I recently wrote a couple of blog posts (part 1, part 2) about the potential cost of collecting Panini’s 2014 World Cup stickers. Subsequently these stickers have been back in the news after former Manchester City striker Mario Balotelli filled the Italy page of the Panini album with stickers of himself. Naturally a question arose in my head (and not just mine) about how much that would cost assuming Mario collected them all in the conventional manner (and without swapping).

## Simulation

It’s not entirely clear just how many stickers of himself Mario collected. The Guardian suggests 14 but there are 19 Italy players in the album. In-line with James Offer I’ll go with the latter. (The end results for the former can be found here.)

Just one small change was needed to the code from my original Panini stickers post to be able to simulate this most serious of problems. (For those interested, this basically amounted to changing the condition in the while loop to be TRUE so long as less than 19 of Mario’s sticker number had been collected.) This change took considerably less time than actually running the 10,000 trials of the simulation (the latter taking about quarter of an hour). As previously, a histogram neatly summarises these results:

From the simulations, the mean cost of collecting nineteen Mario Balotelli stickers is £1,218 (assuming the stickers were being bought in the UK). As always, the mean doesn’t tell the whole story. A handful of the 10,000 trials came in at under £500 while over 60 cost in excess of £2,000. More notably, the standard deviation of the data is £277.

## Calculation

After running the simulation I realised that this sticker collection problem is actually mathematically much simpler than the problem of collecting at least one of every sticker. If we ignore the fact that the stickers come in packs of 5 at 50p but instead pretend they come in packs of 1 at 10p then the probability distribution of the number of cards required to reach our goal should follow a negative binomial distribution. The total cost then follows the same distribution but with everything shifted down by a factor of ten (since you get ten cards to the pound).

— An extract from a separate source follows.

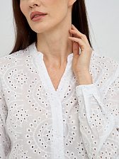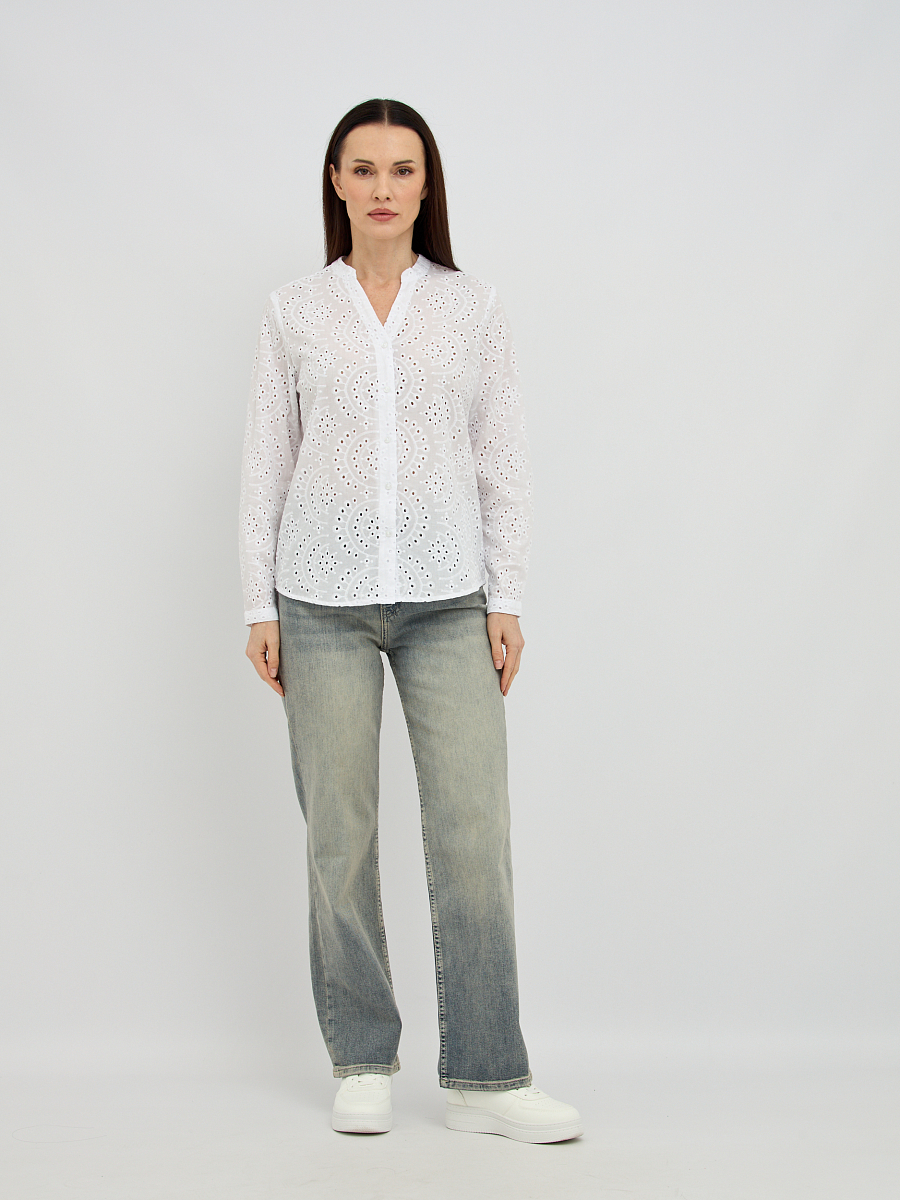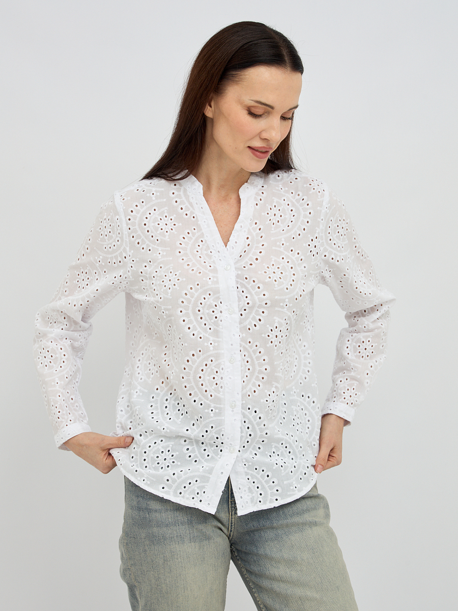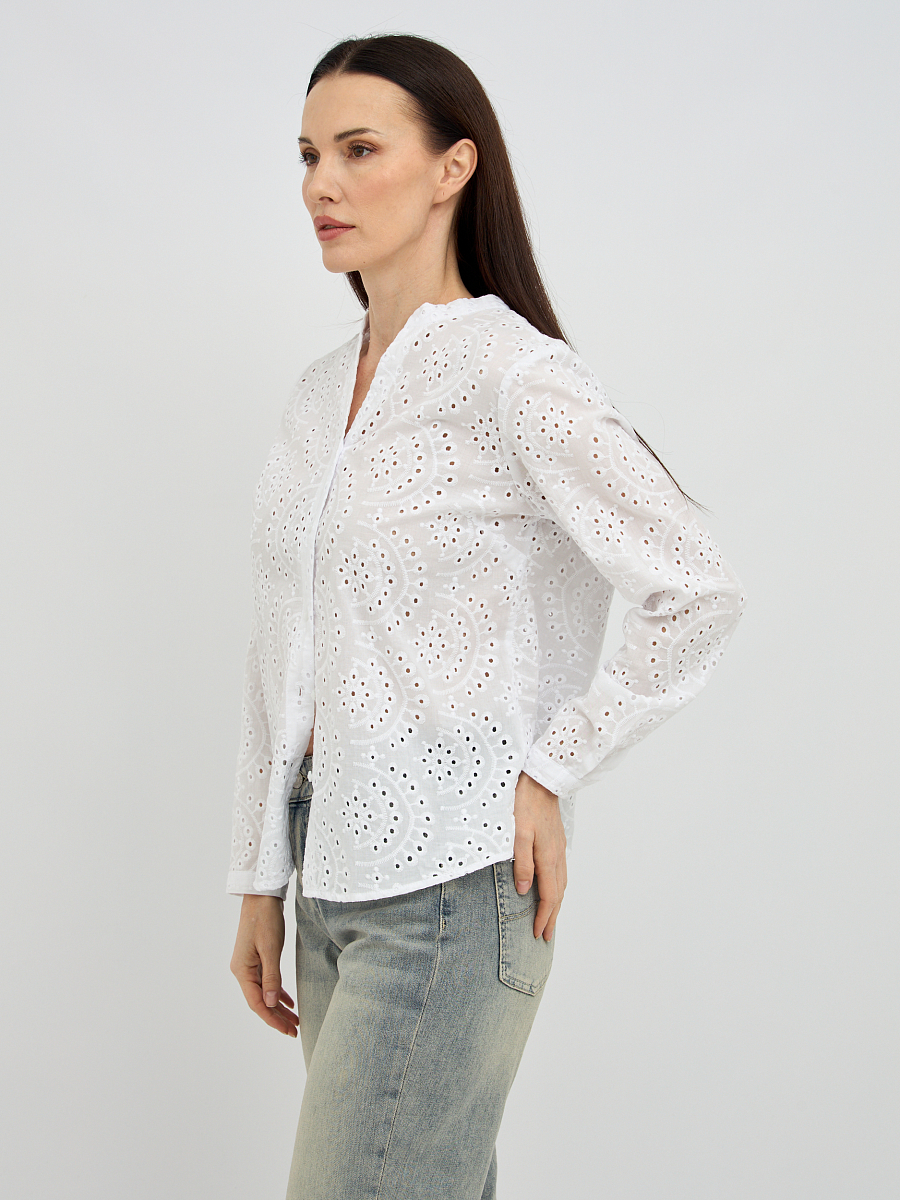Нежный цветочный узор, созданный перфорацией, добавляет изделию изысканности и объема, превращая обычную блузку в настоящее произведение искусства. Такой дизайн не только придает образу легкости и воздушности, но и обеспечивает дополнительную вентиляцию, что является неоспоримым преимуществом в теплую погоду.

According to the negative binomial distribution, finding the mean number of stickers needed to reach our goal is easy: it’s 19 times the mean number needed for one sticker. The mean number of stickers needed to collect one Mario Balotelli is, in turn, equal to the total number of different stickers, 640. That gives 12,160 stickers at a total cost of £1,216, in excellent agreement (as one would hope) with the £1,218 from the simulations.

The standard deviation is a little less intuitive but straightforward to calculate and gives a result of 2788 stickers, corresponding to £279. Again this is in very nice agreement with the standard deviation in cost from the simulation (£277).

In fact we can use the probability distribution function of the negative binomial distribution to do a broader visual comparison between simulation and mathematical expectation:

## How many trials is enough?

Clearly the agreement between simulation and mathematical expectation is very good. But you may think 10,000 trials may seem excessive and you’d probably be right. But it’s interesting to see how good the simulation is with fewer trials. We can do this with relevant numbers like mean and standard deviation and/or we can do this visually. The animated gif below combines the two, showing the results of the first ten trials, the first twenty trials and so on. Clearly the mean and standard deviation are liable to change more quickly when there are only a few trials so the step-size between images is increased systematically, shifting from 10 to 100 after 100 trials and from 100 to 1,000 after 1,000 trials. Click the image to (re)start the animation:

With only a couple of hundred trials the simulations reproduce the expected mean and standard deviation well. Qualitatively, to get a close match between the two distributions requires a further order of magnitude increase in the number of trials.